- [Your assignment]:
Below are the records; repeat exactly their lines between the line holding "- Chen, L.;" and the line holding "Melo, pyöräile ja", inclusive, skipping the pictures.

- [Entries provided]:
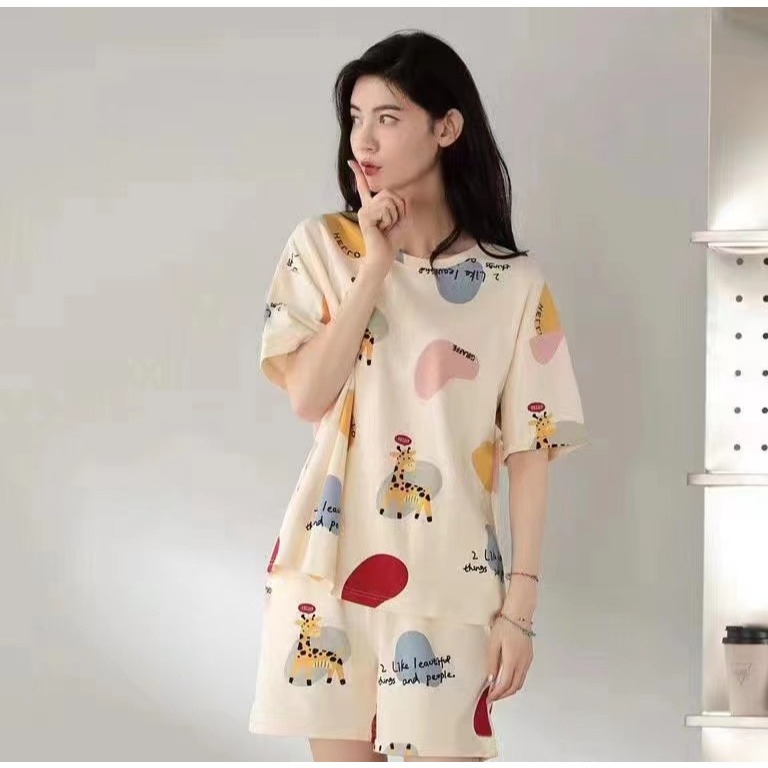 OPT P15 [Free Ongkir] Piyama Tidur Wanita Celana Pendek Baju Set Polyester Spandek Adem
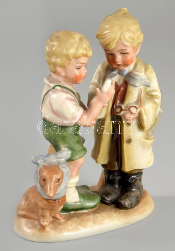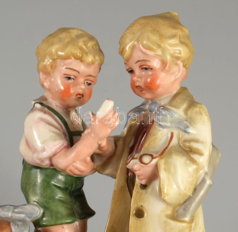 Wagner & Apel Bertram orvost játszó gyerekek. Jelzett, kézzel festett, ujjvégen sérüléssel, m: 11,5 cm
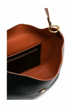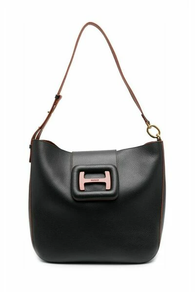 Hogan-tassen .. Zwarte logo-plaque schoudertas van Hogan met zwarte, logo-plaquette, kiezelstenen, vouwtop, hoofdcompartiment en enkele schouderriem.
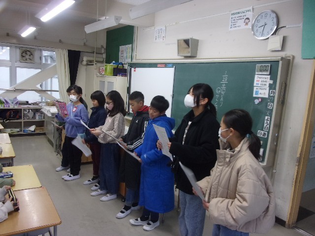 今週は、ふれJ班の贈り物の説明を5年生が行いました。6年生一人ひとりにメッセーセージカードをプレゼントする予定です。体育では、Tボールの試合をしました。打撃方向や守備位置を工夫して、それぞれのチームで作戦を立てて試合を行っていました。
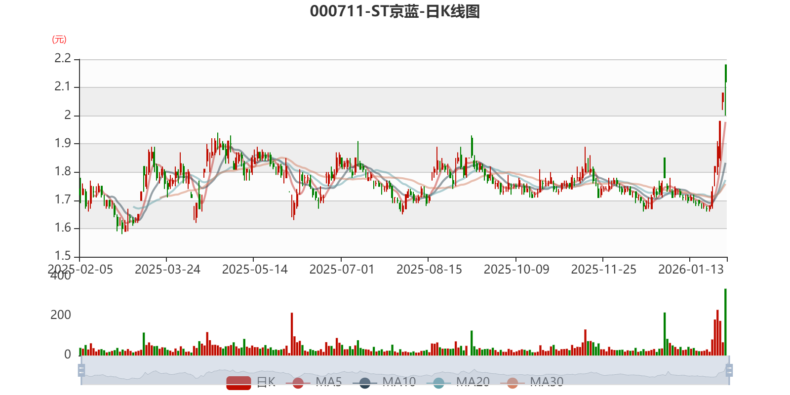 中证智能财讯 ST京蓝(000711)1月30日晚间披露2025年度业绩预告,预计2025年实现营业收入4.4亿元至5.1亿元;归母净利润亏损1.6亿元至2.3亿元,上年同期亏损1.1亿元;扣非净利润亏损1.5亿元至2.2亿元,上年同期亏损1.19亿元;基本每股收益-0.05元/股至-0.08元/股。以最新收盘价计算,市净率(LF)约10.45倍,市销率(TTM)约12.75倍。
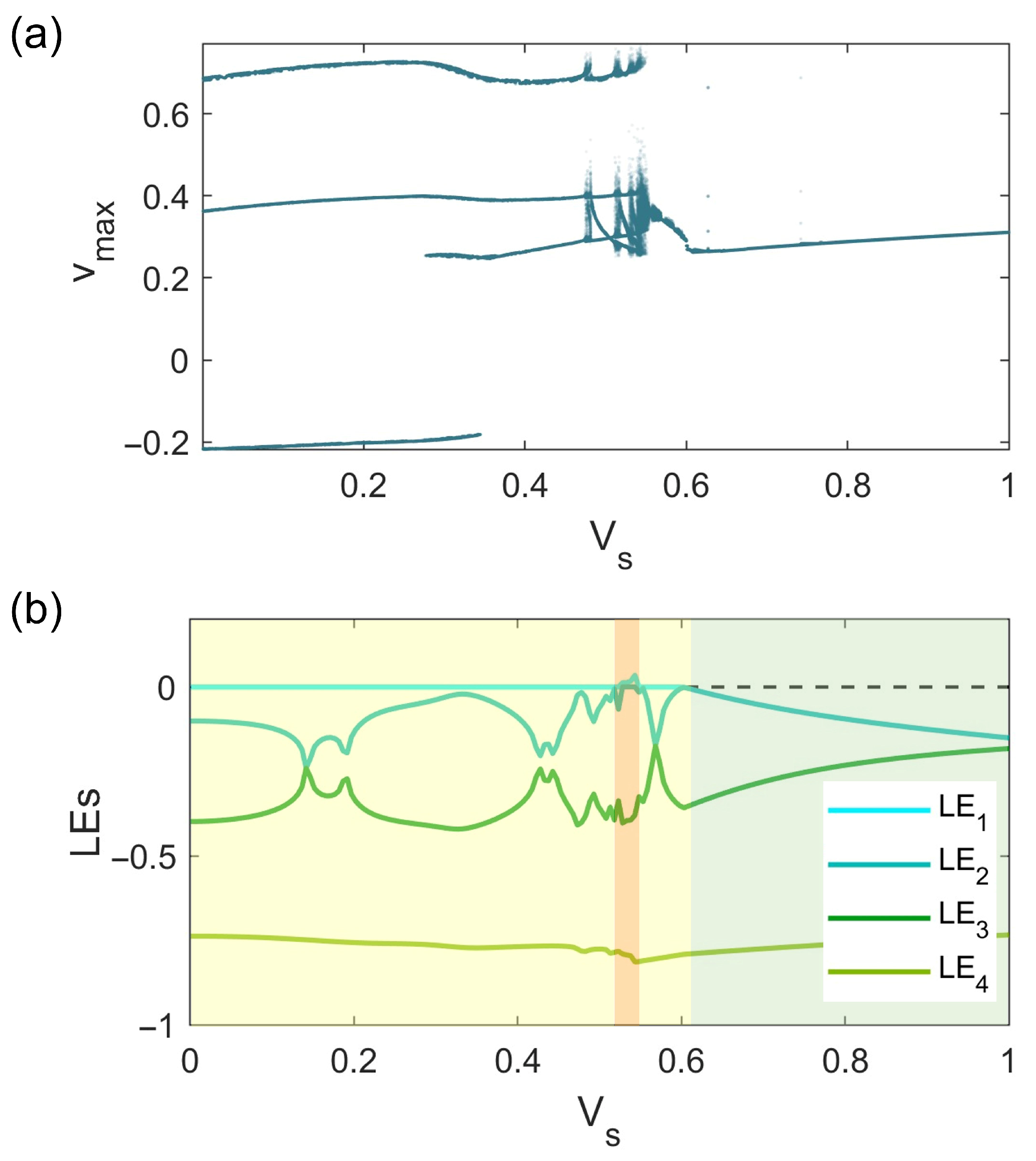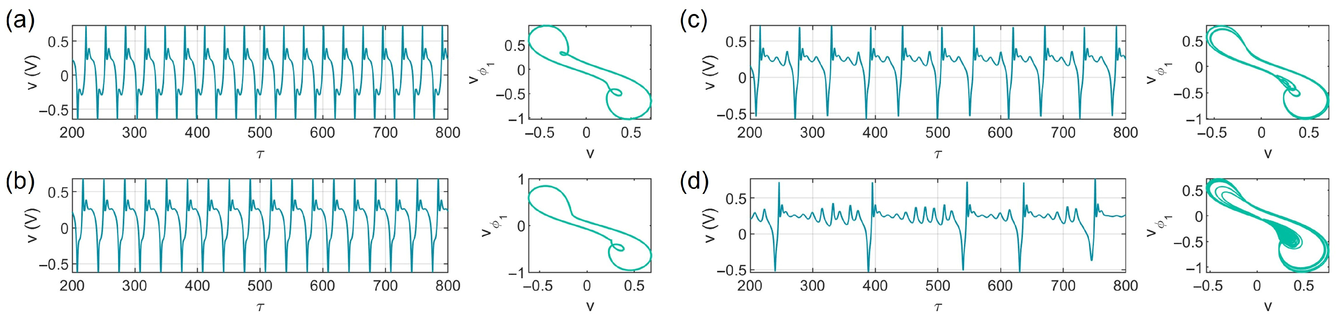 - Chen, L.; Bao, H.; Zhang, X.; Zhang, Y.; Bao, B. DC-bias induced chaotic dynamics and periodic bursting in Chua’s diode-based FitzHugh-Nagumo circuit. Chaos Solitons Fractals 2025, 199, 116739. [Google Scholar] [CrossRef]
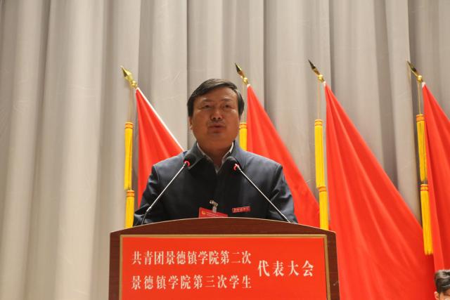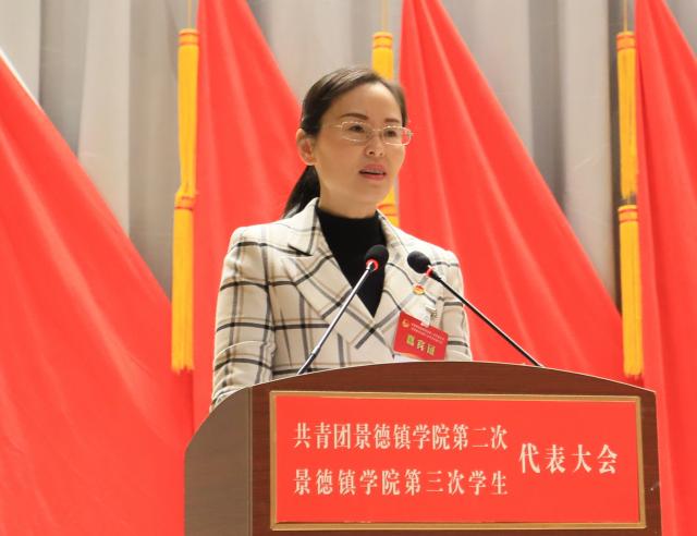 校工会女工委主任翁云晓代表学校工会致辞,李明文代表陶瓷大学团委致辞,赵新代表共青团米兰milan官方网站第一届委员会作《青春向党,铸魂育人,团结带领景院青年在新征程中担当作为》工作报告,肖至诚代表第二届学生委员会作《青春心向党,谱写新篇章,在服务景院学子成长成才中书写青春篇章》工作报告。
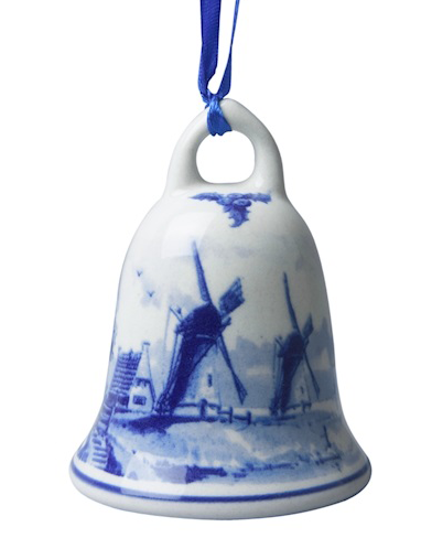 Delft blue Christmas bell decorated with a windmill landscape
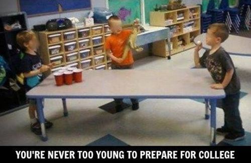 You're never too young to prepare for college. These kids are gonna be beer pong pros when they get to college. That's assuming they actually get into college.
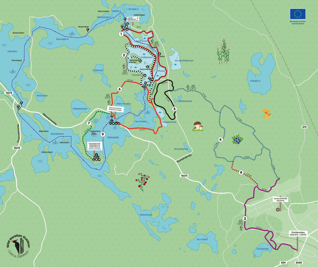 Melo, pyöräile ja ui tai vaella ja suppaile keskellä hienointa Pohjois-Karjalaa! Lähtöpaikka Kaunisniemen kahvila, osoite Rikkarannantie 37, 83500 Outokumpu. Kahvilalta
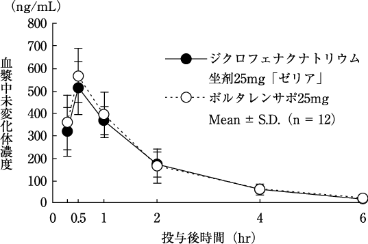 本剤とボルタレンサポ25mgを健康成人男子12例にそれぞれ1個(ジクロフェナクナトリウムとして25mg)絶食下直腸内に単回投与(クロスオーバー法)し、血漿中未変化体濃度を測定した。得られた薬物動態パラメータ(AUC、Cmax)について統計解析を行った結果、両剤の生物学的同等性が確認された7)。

- [Completed exercise]:
 - Chen, L.; Bao, H.; Zhang, X.; Zhang, Y.; Bao, B. DC-bias induced chaotic dynamics and periodic bursting in Chua’s diode-based FitzHugh-Nagumo circuit. Chaos Solitons Fractals 2025, 199, 116739. [Google Scholar] [CrossRef]
 校工会女工委主任翁云晓代表学校工会致辞,李明文代表陶瓷大学团委致辞,赵新代表共青团米兰milan官方网站第一届委员会作《青春向党,铸魂育人,团结带领景院青年在新征程中担当作为》工作报告,肖至诚代表第二届学生委员会作《青春心向党,谱写新篇章,在服务景院学子成长成才中书写青春篇章》工作报告。
 Delft blue Christmas bell decorated with a windmill landscape
 You're never too young to prepare for college. These kids are gonna be beer pong pros when they get to college. That's assuming they actually get into college.
 Melo, pyöräile ja ui tai vaella ja suppaile keskellä hienointa Pohjois-Karjalaa! Lähtöpaikka Kaunisniemen kahvila, osoite Rikkarannantie 37, 83500 Outokumpu. Kahvilalta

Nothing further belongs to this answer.